Exercise aim:
Transcribe every line of the material below without change, apart from dropping the pictures.

Collected material:

_ _ _

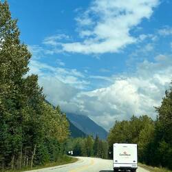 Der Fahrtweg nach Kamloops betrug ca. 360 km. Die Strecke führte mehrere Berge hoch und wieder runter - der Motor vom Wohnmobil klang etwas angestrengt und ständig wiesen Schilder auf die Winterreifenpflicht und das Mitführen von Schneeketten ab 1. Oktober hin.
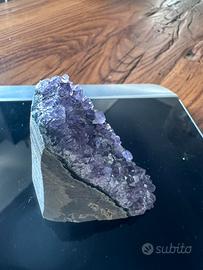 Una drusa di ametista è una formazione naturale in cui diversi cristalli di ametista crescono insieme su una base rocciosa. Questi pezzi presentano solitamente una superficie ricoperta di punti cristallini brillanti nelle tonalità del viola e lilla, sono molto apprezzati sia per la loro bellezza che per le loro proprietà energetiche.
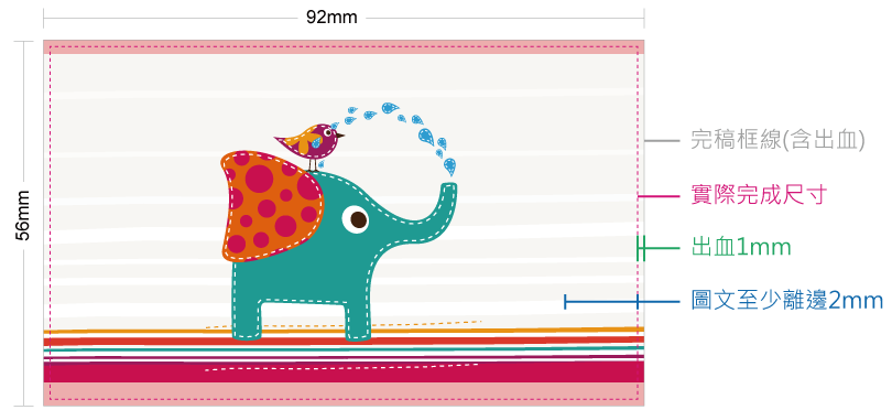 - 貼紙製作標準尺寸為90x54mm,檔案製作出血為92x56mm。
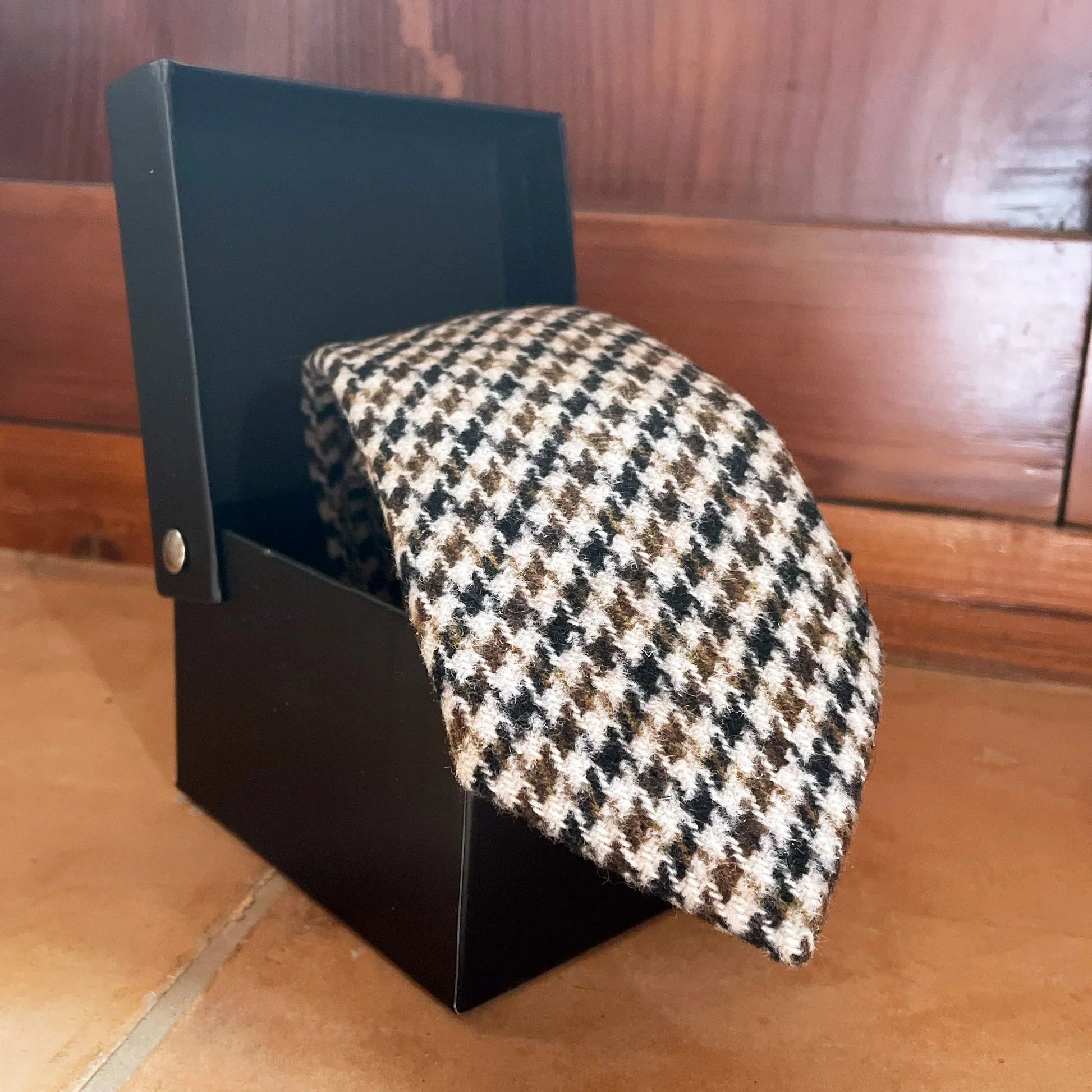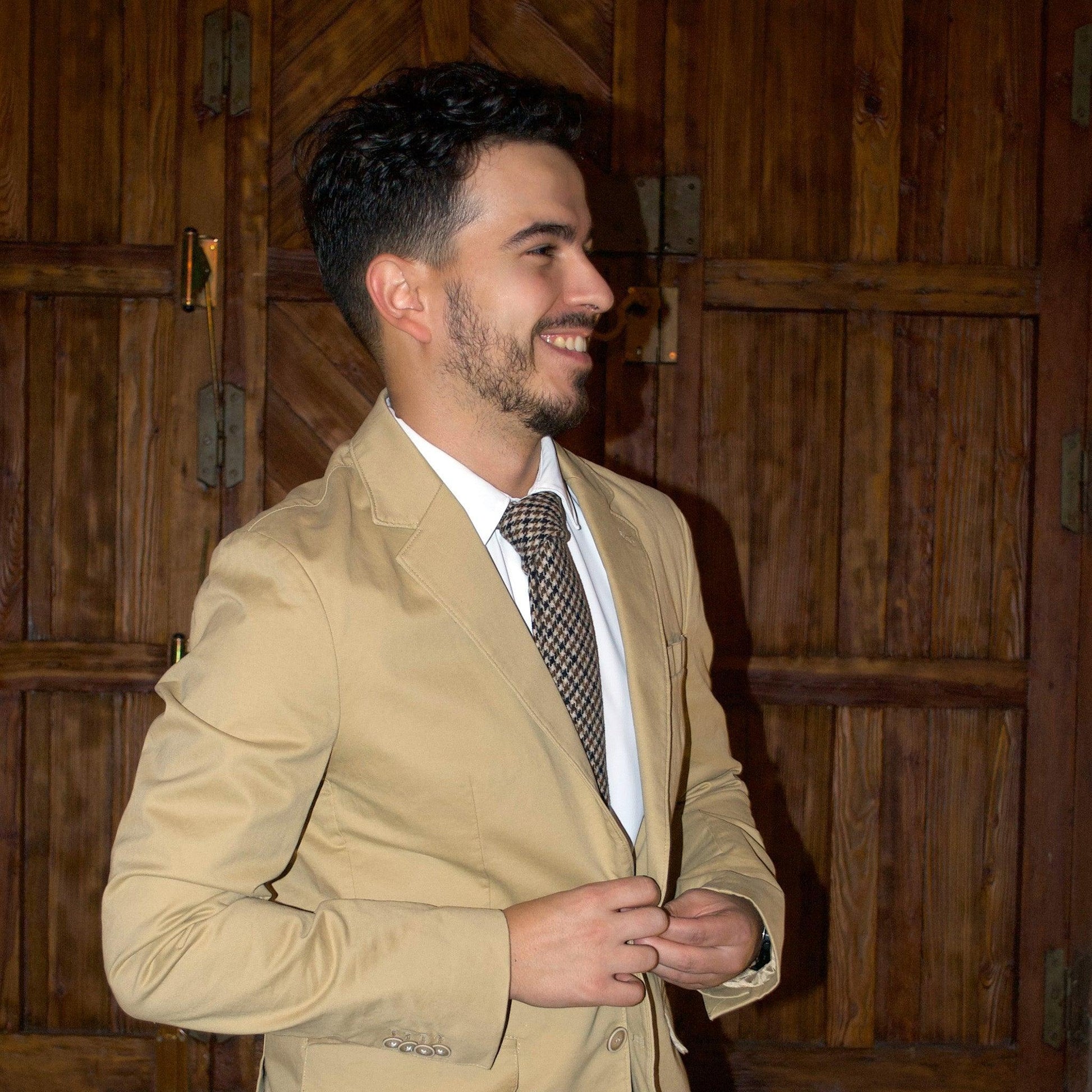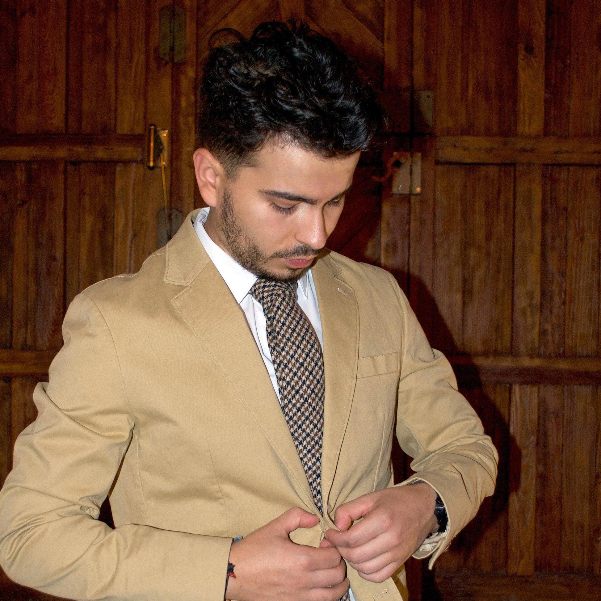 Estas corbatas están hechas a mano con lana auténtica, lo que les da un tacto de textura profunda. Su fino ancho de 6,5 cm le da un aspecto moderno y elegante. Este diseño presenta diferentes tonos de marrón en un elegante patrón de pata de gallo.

_ _ _

Completed task:
 Der Fahrtweg nach Kamloops betrug ca. 360 km. Die Strecke führte mehrere Berge hoch und wieder runter - der Motor vom Wohnmobil klang etwas angestrengt und ständig wiesen Schilder auf die Winterreifenpflicht und das Mitführen von Schneeketten ab 1. Oktober hin.
 Una drusa di ametista è una formazione naturale in cui diversi cristalli di ametista crescono insieme su una base rocciosa. Questi pezzi presentano solitamente una superficie ricoperta di punti cristallini brillanti nelle tonalità del viola e lilla, sono molto apprezzati sia per la loro bellezza che per le loro proprietà energetiche.
 - 貼紙製作標準尺寸為90x54mm,檔案製作出血為92x56mm。
 Estas corbatas están hechas a mano con lana auténtica, lo que les da un tacto de textura profunda. Su fino ancho de 6,5 cm le da un aspecto moderno y elegante. Este diseño presenta diferentes tonos de marrón en un elegante patrón de pata de gallo.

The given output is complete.